До поры я восхищался: с каким удивительным проникновением написал Чехов в «Скучной истории» — самому тридцати не было! — своего старика — профессора. Теперь я с недоверием читаю про вставные зубы, лысую голову, трясущиеся руки и ноги, впалую грудь, шею, похожую на ручку контрабаса, неизлечимый тик шестидесятидвухлетнего старика, который к тому же повторяет, что скоро умрет. Описание кажется мне штучным, преувеличенным. Чехов то ли испугался представшей в воображении старости с ее ограничениями, то ли с присущей ему беспощадностью посмеялся над ней. Через десять лет после «Скучной истории», уже тяжко больной и сознававший это, он, пусть шутя, прикидывал прожить до восьмидесяти (впрочем, в психической жизни случайного не бывает, утверждал не желавший сдаваться старости Зигмунд Фрейд).

За эти десять лет отношения Чехова со старостью совершенно переменились, прежде всего, переменилось ощущение и осознание отпущенных сроков, — тем более что доктор Чехов, как и писатель, был беспощаден в оценках.

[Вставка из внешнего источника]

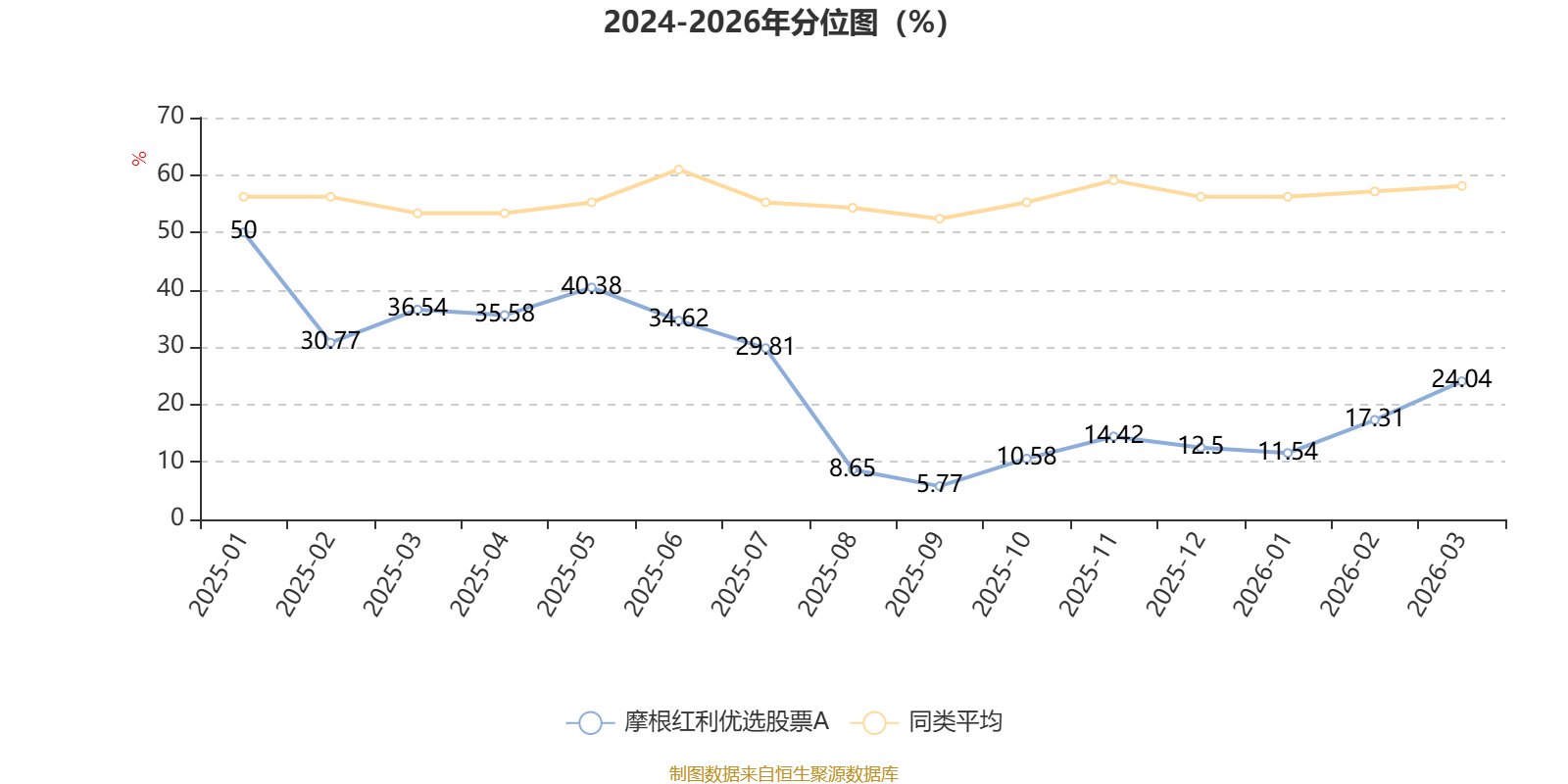 通过所选区间该基金净值增长率分位图,可以观察该基金与同类基金业绩比较情况。图为坐标原点到区间内某时点的净值增长率在同类基金中的分位数。
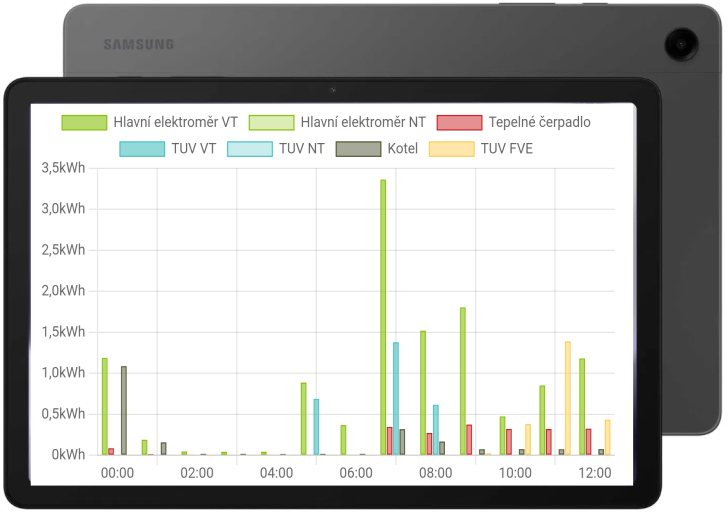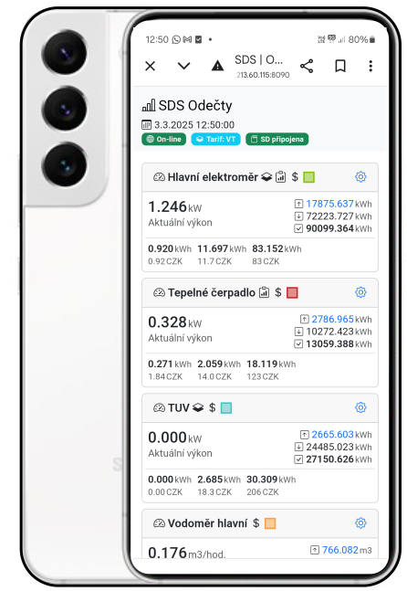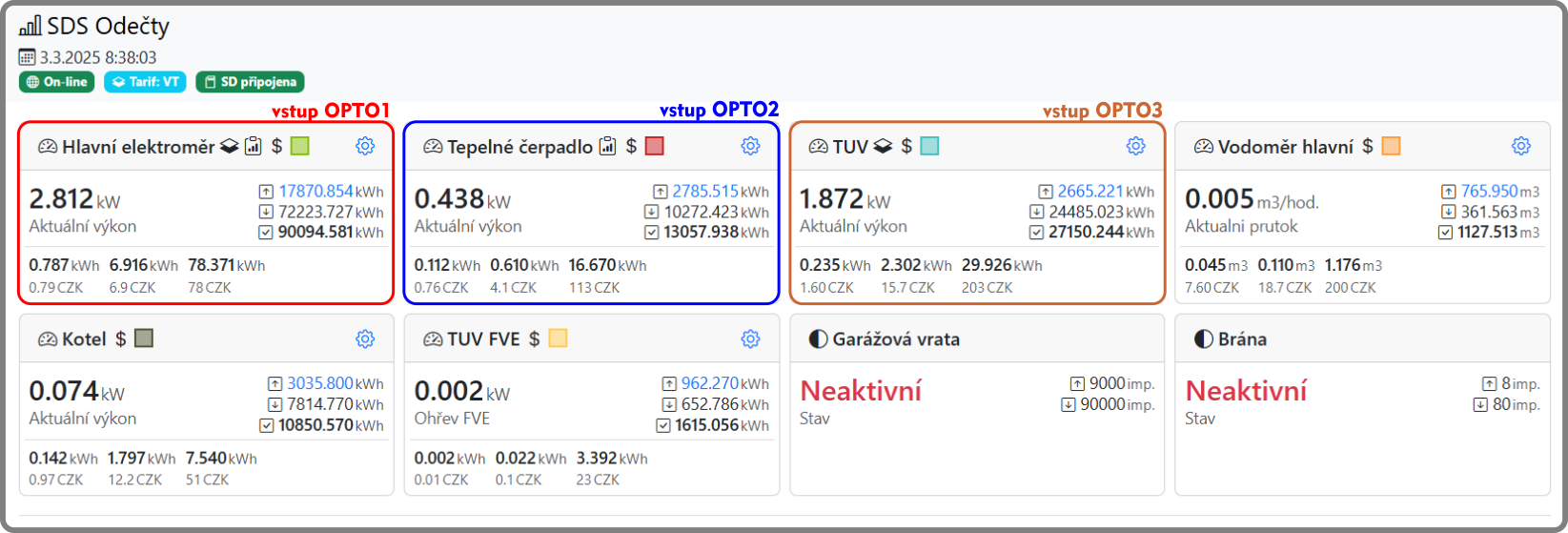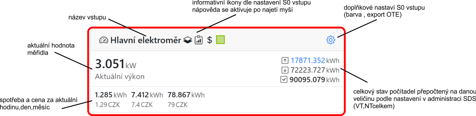 Pro každý jednotlivý S0 vstup je na stránce v horní části samostatný panel, ve kterém jsou zobrazeny všechny možné informace a tyto informace se dynamicky mění v pravidelných časových intervalech.

Когда тяжелое кровохарканье уложило Чехова в Остроумовскую клинику, Толстой пришел навестить его. Подробно об этом посещении Чехов не рассказывал. Однажды заметил — опять же, шутя: Толстой, наслышавшись о его опасном состоянии, ожидал найти его чуть ли не умирающим, когда же этого не оказалось, даже выразил на своем лице некоторое разочарование. Чехов проницателен: известно, что Толстой с интересом навещал умирающих, пристально в них вглядывался (всё старался отгадать томившую его загадку). Говорили о бессмертии. Толстой — так его понял Чехов — утверждал, будто человек, умирая, оказывается в неком общем начале, сущность и цели которого неизвестны. Чехову это начало представилось в виде бесформенной студенистой массы, с которой сольется его индивидуальность, его Я — он не понимал такого бессмертия и не хотел его. Они говорили долго (потом у Чехова опять сильно пошла кровь горлом), но к согласию не пришли. Думая об этой встрече, представляю себе изнемогшего, харкающего кровью Чехова и появившегося перед ним крепкого, без малого семидесятилетнего старика, который в эти дни, по свидетельству близких, был как-то особенно здоров и бодр, и сам писал, что больше радуется, чем унывает (еще и конец марта, ранняя весна, любимое Толстым время года, его освежающее).

Не уверен, что желал бы, чтобы мое Я, именно то самое, с которым прожил свои земные пределы, которое, добавлю, во многом и образовалось в этих пределах, оставалось вечно нетронутым, неизмененным, да и не верю, что такое возможно. Будь так, наш переход в вечность, если она и в самом деле существует, стал бы не более как перелетом на другую, точно такую же, как та, что отведена нам для обитания, планету, где всем нам предстоит существовать не в новой совокупности, а в виде простой суммы прежних индивидуальностей. По-своему заманчиво, но неинтересно!..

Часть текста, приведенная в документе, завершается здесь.